De hierna te nemen beslissing berust op de hiervoor genoemde wetsartikelen. Daarnaast berust deze beslissing op de artikelen 14a, 14b, 14c en 57 Sr.

8.De beslissing

De rechtbank:
bewezenverklaring
- verklaart bewezen dat verdachte het onder 1 en 2 ten laste gelegde heeft begaan, zoals hierboven omschreven;
- verklaart niet bewezen wat aan verdachte meer of anders is ten laste gelegd en spreekt hem daarvan vrij;
strafbaarheid feiten
- verklaart dat het onder feit 1 bewezen verklaarde opslaan en voorhanden hebben van 201 stuks knalvuurwerk (Super Crackers) geen strafbaar feit oplevert en ontslaat verdachte op dat onderdeel van alle rechtsvervolging;
- verklaart het overige bewezen verklaarde strafbaar;
- verklaart dat het overige bewezen verklaarde de volgende strafbare feiten oplevert:
feit 1
het misdrijf:
overtreding van een voorschrift, gesteld krachtens artikel 9.2.2.1 van de Wet milieubeheer, opzettelijk begaan;
feit 2
het misdrijf:
opzettelijk handelen in strijd met een in artikel 3, onder B en C, van de Opiumwet gegeven verbod;
straf
- veroordeelt verdachte tot een
gevangenisstrafvoor de duur van
3 (drie) maanden;
- bepaalt dat deze gevangenisstraf
in zijn geheel niet ten uitvoer zal worden gelegd, tenzij de rechter later anders mocht gelasten.
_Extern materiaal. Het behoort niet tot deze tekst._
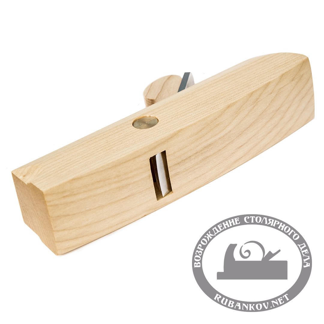 Рубанок-горбач ПЕТРОГРАДЪ, полукруглая РК. Колодка рубанка выполнена из клёна имеет вставку из латуни для надежной фиксации ножа. Покрыт грунтовочным маслом - в один слой и вторым слоем покрыто маслом и воском. Клин также изготовлен из клёна. Нож выполнен из легированной инструментальной стали 9ХС твердостью 59-61 HRC. Угол установки ножа - 45°. Размеры ножа: длина - 110 мм, ширина - 30 мм, радиус режущей кромки ножа 50 мм. Угол заточки ножа 30°. Рубанок предназначен для выборки криволинейных поверхностей, а также для создания декоративных поверхностей.

De rechter kan de tenuitvoerlegging gelasten indien de verdachte voor het einde van de
proeftijd van 2 (twee) jarende navolgende voorwaarde niet is nagekomen:
- stelt als
algemene voorwaardedat de verdachte:
- zich voor het einde van de proeftijd niet schuldig maakt aan een strafbaar feit;
de in beslag genomen voorwerpen
- gelast de teruggave van het geldbedrag ter hoogte van € 389,75 (omschrijving PL0100-2022313678-G1549851) aan verdachte.
Dit vonnis is gewezen door mr. M. van Berlo, voorzitter, mr. M.B. Werkhoven en
mr. M.S. de Waard, rechters, in tegenwoordigheid van mr. E.L. Vedder, griffier, en is in het openbaar uitgesproken op 3 augustus 2023.
Buiten staat
Mr. Van Berlo en mr. De Waard zijn niet in de gelegenheid dit vonnis mede te ondertekenen.

Voetnoten

1.Wanneer hierna wordt verwezen naar dossierpagina’s, zijn dit pagina’s uit het dossier van de politie eenheid Noord-Nederland met nummer PL0100-2022313758. Tenzij hieronder anders wordt vermeld, wordt steeds verwezen naar bladzijden van een in de wettelijke vorm, door daartoe bevoegde personen, opgemaakt proces-verbaal.